04 diciembre 2025

FRENAR LA DESESPERANZA, por José Luis Sánchez-Tosal Pérez

FRENAR LA DESESPERANZA, por José Luis Sánchez-Tosal Pérez - Ateneo Virtual Mirobrigense – Ciudad Rodrigo

José Luis Sánchez-Tosal Pérez
FRENAR LA DESESPERANZA, por José Luis Sánchez-Tosal Pérez

    No se puede decir que en estos últimos tiempos no exista movimiento político. Una cosa es la clase de movimiento que existe, que es el de estar todos contra todos, y pendientes de salvarse todos como grupo, y cada uno por sí. Y otra, el que todo esto deje espacio para tener un mínimo de tiempo para ocuparse de lo que les corresponde, que son los problemas sociales comunes.

    Es humano que todos nos defendamos y procuremos salvar y conservar aquello que nos proporciona el modus vivendi. ¿Pero se imaginan si todos en nuestros trabajos, la mayor parte del tiempo, transcurriera en luchas entre las plantillas de la empresa con el fin de obtener los puestos más relevantes? Eso sería un caos imposible, que es lo que ahora tenemos montado en el mundo político.

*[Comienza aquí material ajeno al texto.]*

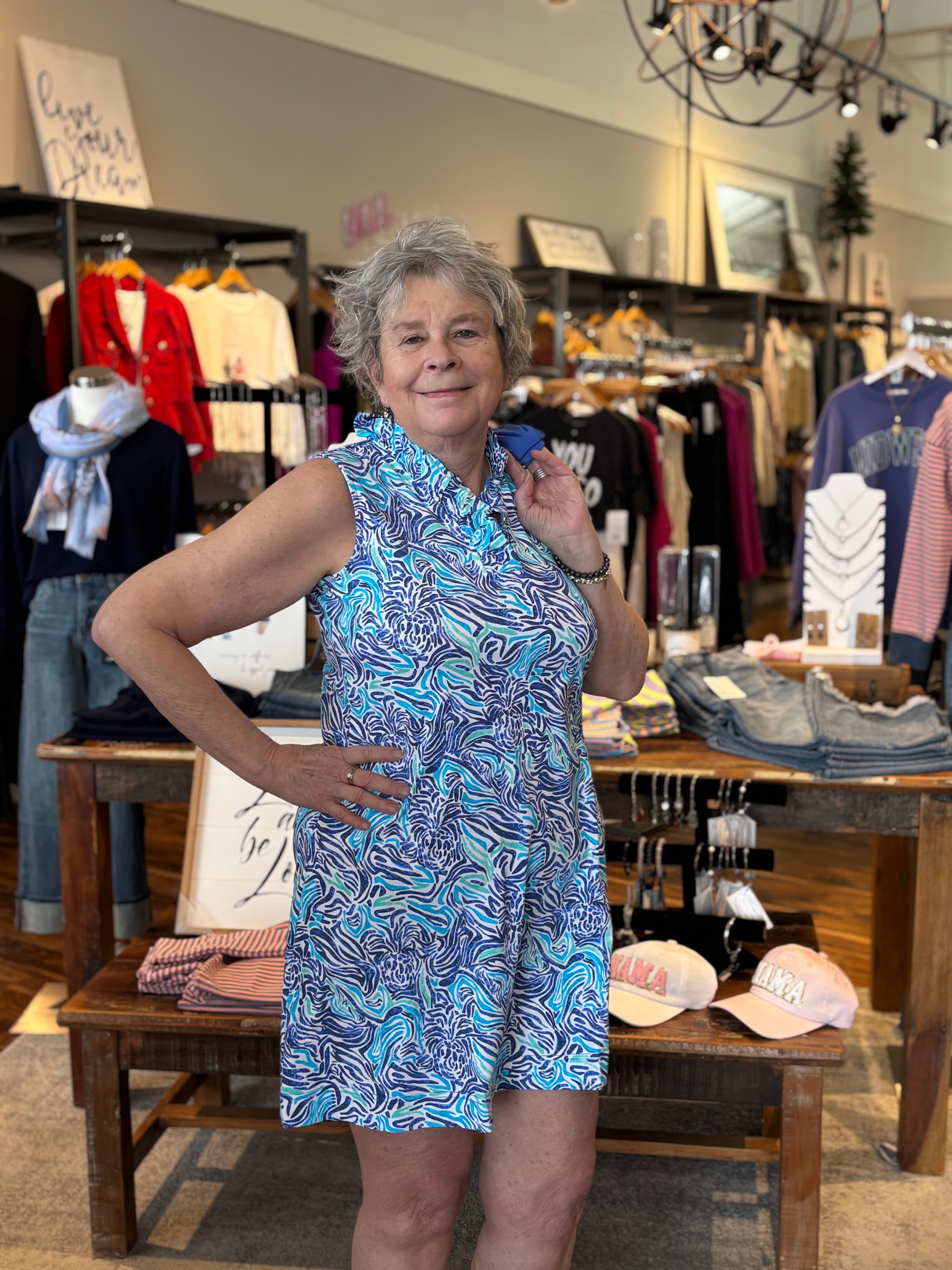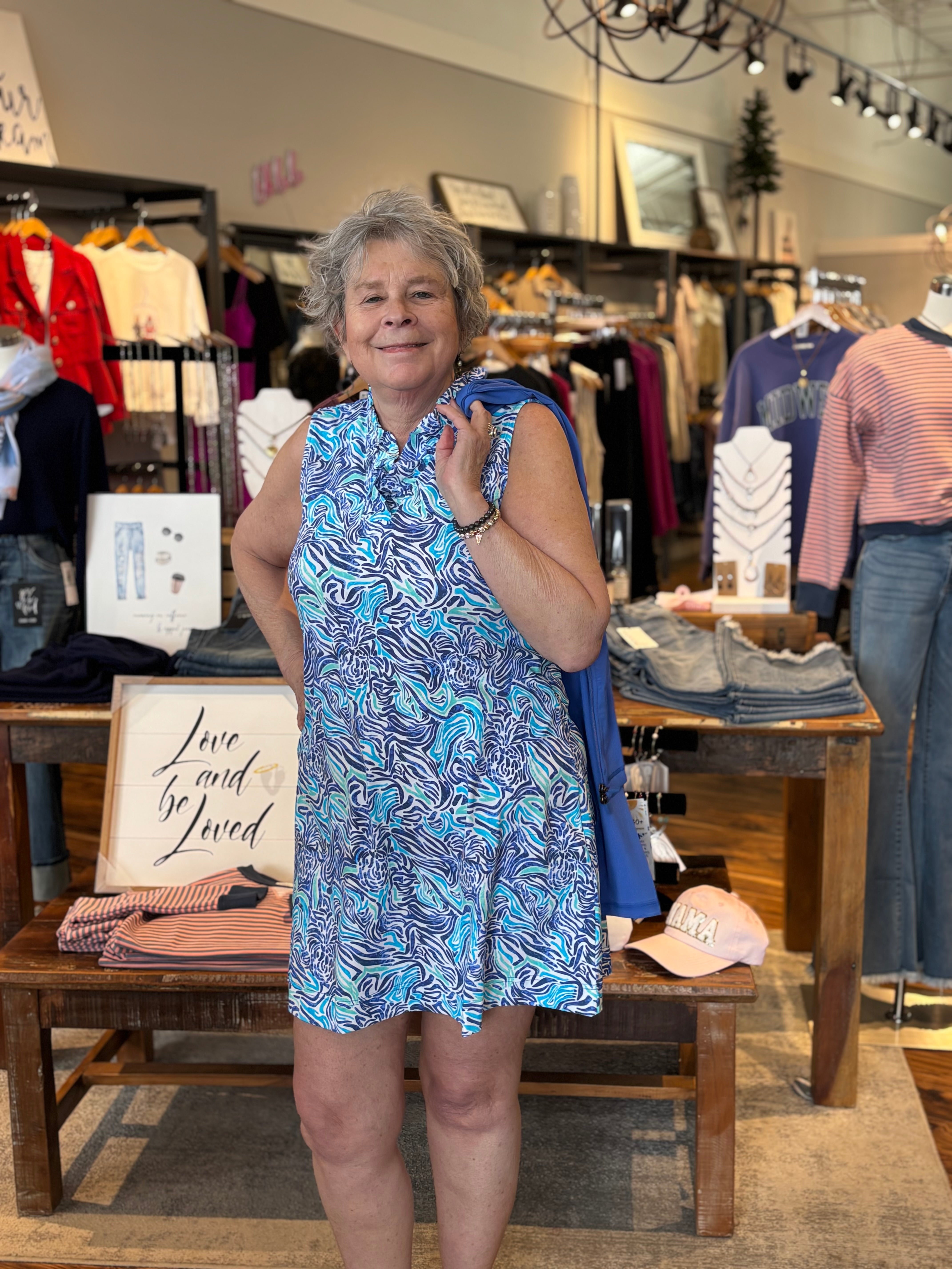Easy, flattering, and made for sunny days. This sleeveless V-neck dress features a soft ruffle detail along the neckline for a feminine touch, paired with a lightweight, cooling fabric that keeps you comfortable all day. Built-in SPF 50 offers added sun protection, making this a go-to for warm weather, vacations, and outdoor plans.
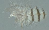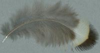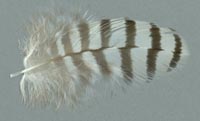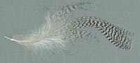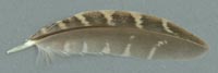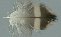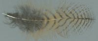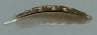 Bei diesen Federn ist die Schwankung in den Maßen besonders groß, so dass die Einordnung nur als Anhaltspunkt dienen kann. In besonderen Fällen können sie zusätzlich bei anderen Merkmalen zu finden sein. Der Übergang zur charakteristischen Fleckung ist fließend. |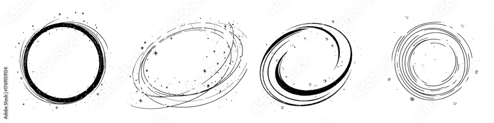 Set of four abstract black and white swirling circular brush stroke frames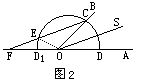 2)在直尺一边上划上E、F两点,使EF=r,然后绕点C滑动直尺的位置,使直尺上E、F两点分别落在半圆和AO的延长线上,在此位置上作直线CEF.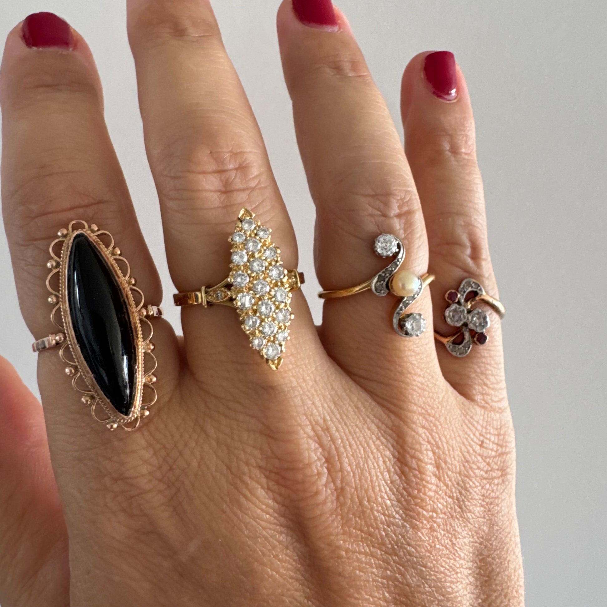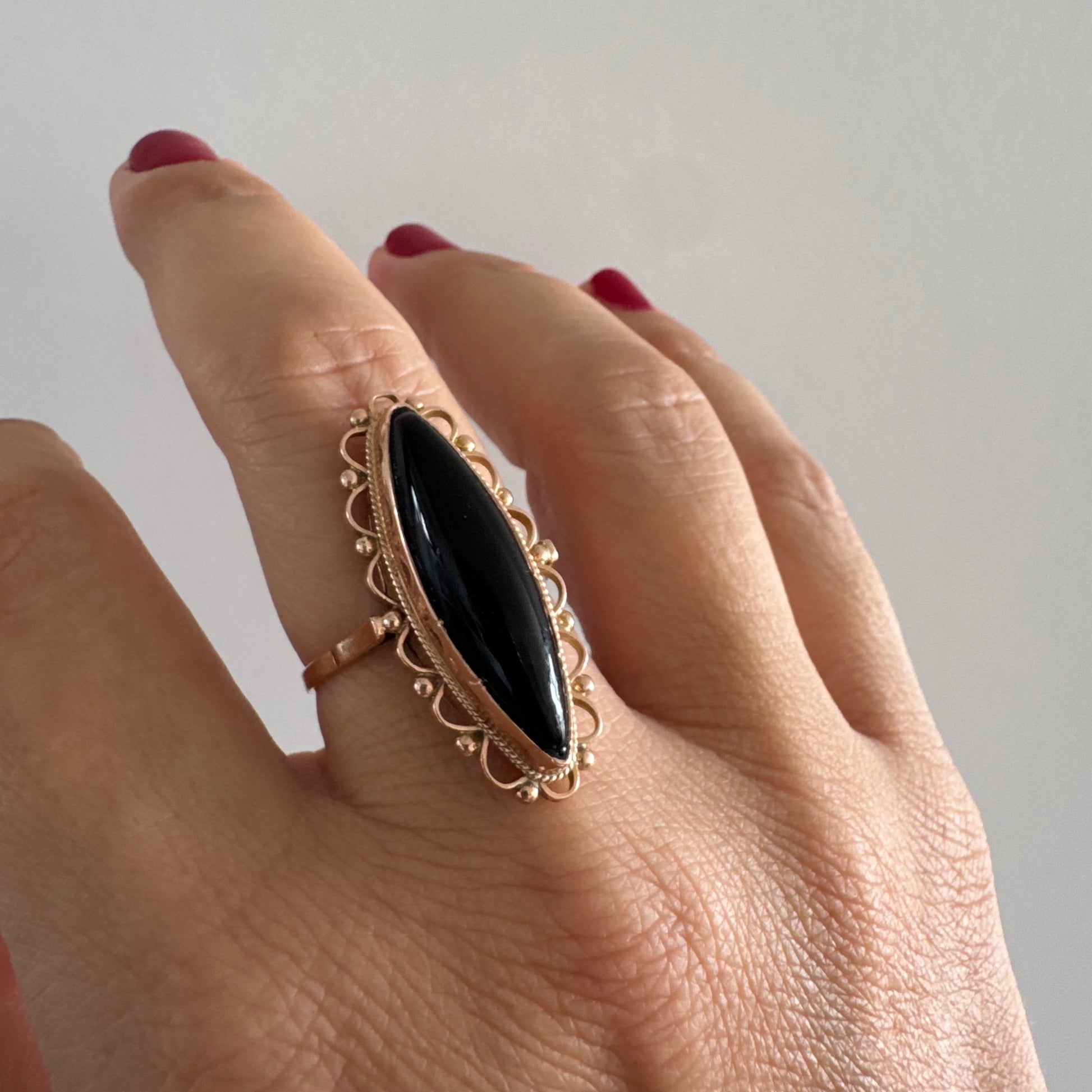 טבעת זהב אדום 14 קראט משובצת אבן אוניקס שחורה בחיתוך מרקיזה עם מבנה מאורך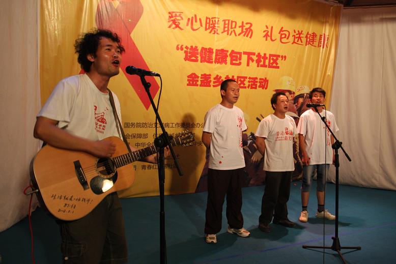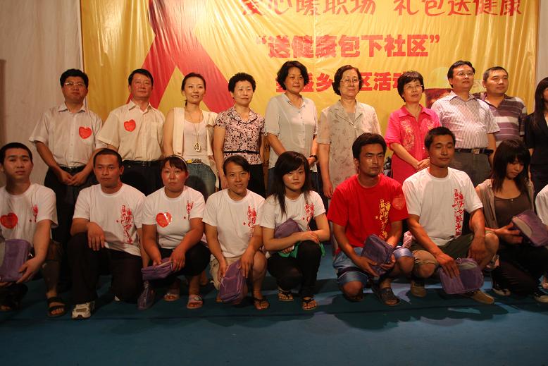 值此建党90周年之际,由全国工商联和国务院艾滋病防治工作委会员会办公室联合主办,人力资源和社会保障部、住房和城乡建设部、农业部、卫生部、全国总工会、共青团中央作为支持单位,中华红丝带基金、北京潮人商会、首都高校青春红丝带社团领导小组办公室共同负责实施的“带健康包下社区”系列活动于2011年7月2日晚上在北京市朝阳区金盏乡皮村新工人剧场拉开帷幕。卫生部原副部长、中华红丝带基金副理事长彭玉,全国工商联原秘书长、中华红丝带基金常务副理事长谷彦芬,全国工商联扶贫与社会服务部副巡视员、中华红丝带基金副监事长刘薇,人力资源社会保障部农民工工作司杜国羽,住建部人事司劳动与职业教育处处长路明,中华红丝带基金秘书长宋?,北京潮人商会副秘书长柯克亚,国艾办政策协调部副主任吕柯出席了此次活动。中华红丝带基金理事会员企业、全国工商联直属会员商会、北京潮人商会等企业家代表、首都高校青春红丝带社团领导小组办公室的负责人,首都10多所高校的青春红丝带大学生志愿者,以及多家国内新闻媒体,还有来自社区的外来务工人员代表,和同心实验小学小学生等100余人参加此次活动。活动由原美国洛杉矶电视台主持人、艾美奖获得者高光勃倾情主持。
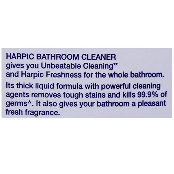 Product Information - Harpic Bathroom Cleaner is a strong bathroom disinfectant and cleaning liquid that helps remove the toughest of stains. It gives you unbeatable cleaning on greasy soil and particulate matter and freshens the whole bathroom. It has a thick liquid formula with powerful cleaning agents that lift and remove tough stains from almost all bathroom surfaces and kills germs to give you a disinfected and germ-safe bathroom.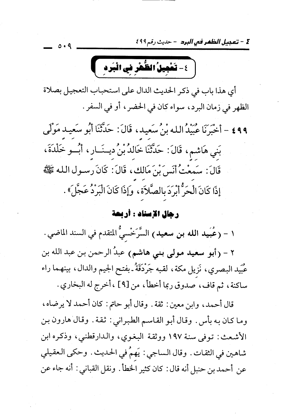 4 - تَعْجِيلُ الظُّهْرِ فِي الْبَردِ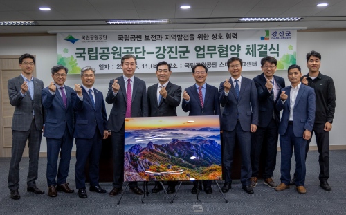 국립공원공단과 총 200억 원의 사업비 투입 ‘월출산 국립공원 관리와 관광 활성화를 위한 MOU’를 체결···금릉 경포대, 백운동 원림, 천년고찰 무위사, 강진다원 등 연계 생태탐방 프로그램 활성화 기대

    Las causas de esto no siempre son consecuencia de los comportamientos de los políticos, sino de circunstancias externas que los fuerzan a llevar esas formas de actuar. Otros, las traen por sí mismos, pero sea por lo que sea, tienen que lograr dejar espacio para debatir la cosas públicas. Es decir, para ocuparse de aquellos problemas sociales que están asfixiando a las personas, sobre todo a los jóvenes, que no ven futuro porque tienen puestos inestables, sueldos de mierda y ninguna esperanza de alcanzar una vivienda, cosa que debería ser un derecho y no una pieza clave del mercado. Todo esto da lugar a la tormenta perfecta para que abandonen el sistema que los ha abandonado a ellos, la democracia.

    Esta situación... ¿Es cosa de ellos, o pasa porque estamos en manos del capital? El cual campa a sus anchas por todo el globo terráqueo, y que aquí en nuestra España, se esponja con tanta facilidad, como para arruinar la esperanza de futuro a los jóvenes, que desde su desesperanza, cada día se nos suicidan más, siendo el suicidio ya, el primer motivo de muerte entre ellos.

    Y todo esto, en un país que es el que más crece económicamente en Europa, pero que a la vez, es en el que más desigualdades socioeconómicas padecemos. O esto se encara y se trata de poner una solución, o el futuro de nuestros hijos y nuestros nietos, no existirá.

    ¿Van a tener tiempo para intentar buscar medidas para encararse a las fuerzas económicas que lo provocan o van a estar solo preocupados de sus problemas? Esta es la pregunta que nos hacemos todos y a la que es urgente que le encontremos una respuesta práctica que sirva para frenar la desesperanza de los jóvenes.